## Given material:
════════════════
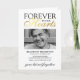 Elegant funeral program featuring a stylish black background that can be changed to any color, a picture of your lost loved one, the text "forever in our hearts", the funeral details, an obituary, order of service, the details of the wake, another photo on the back page, and a personalized thank you note.
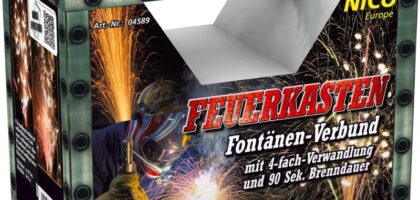 Pyrotechnischer Werkzeugkasten mit 4 Verwandlungs-Fontänen, mit weißen Blinksternen, Goldregen, Cracklingspitzen, Silberchrysanthemen, Knatterkronen und unzähligen bunten
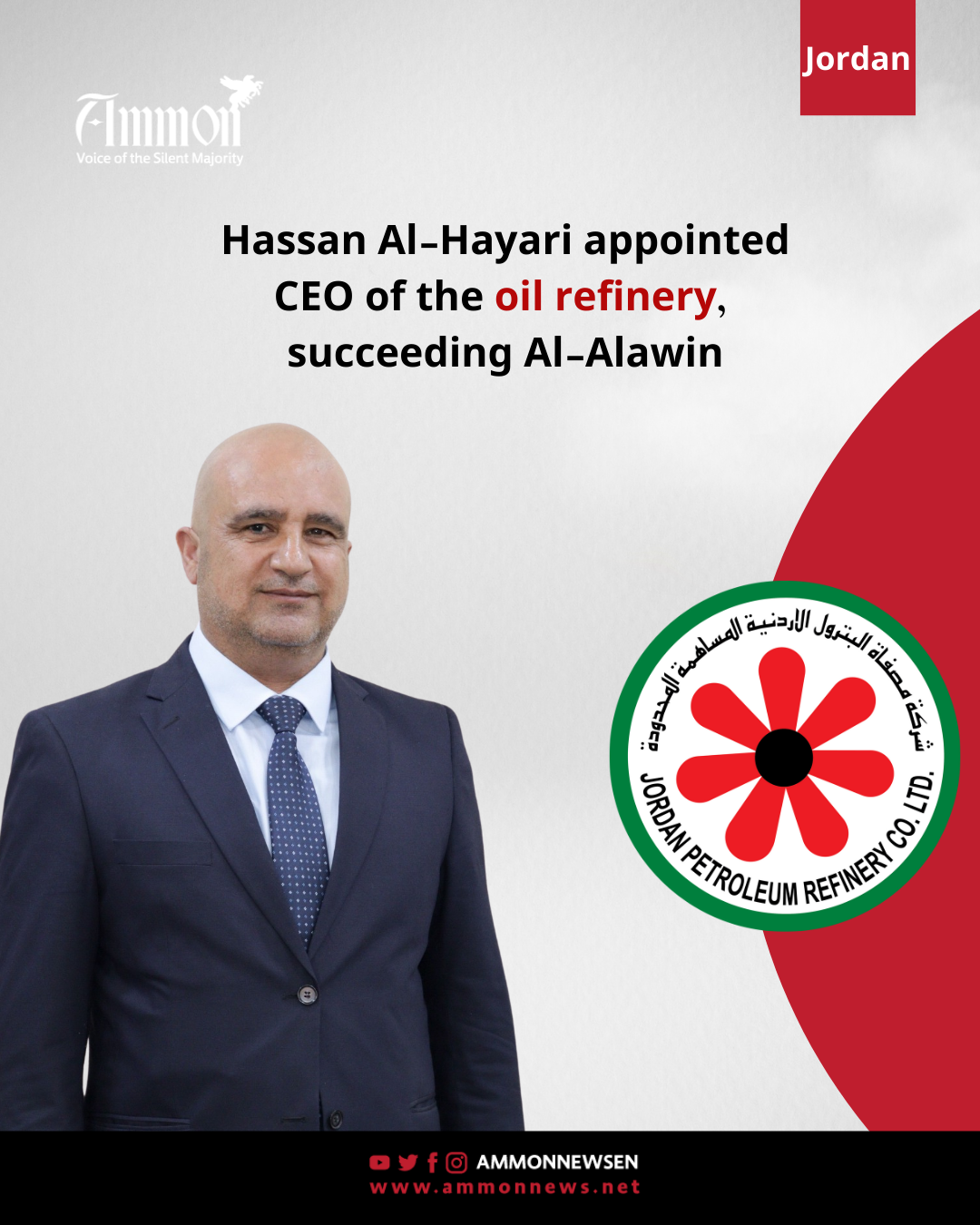 Ammon News - Ammon was informed that Engineer Hassan Al-Hayari will become the new CEO of Jopetrol in early December, replacing Abdul Karim Al-Alaween, under the leadership of Engineer Abdul Rahim Al-Baqaei and the Board of Directors of the Jordan Petroleum Refinery Company.
════════════════
## Directions:
Repeat the whole listing above word for word. Leave out the pictures.

## Answer box:
 Elegant funeral program featuring a stylish black background that can be changed to any color, a picture of your lost loved one, the text "forever in our hearts", the funeral details, an obituary, order of service, the details of the wake, another photo on the back page, and a personalized thank you note.
 Pyrotechnischer Werkzeugkasten mit 4 Verwandlungs-Fontänen, mit weißen Blinksternen, Goldregen, Cracklingspitzen, Silberchrysanthemen, Knatterkronen und unzähligen bunten
 Ammon News - Ammon was informed that Engineer Hassan Al-Hayari will become the new CEO of Jopetrol in early December, replacing Abdul Karim Al-Alaween, under the leadership of Engineer Abdul Rahim Al-Baqaei and the Board of Directors of the Jordan Petroleum Refinery Company.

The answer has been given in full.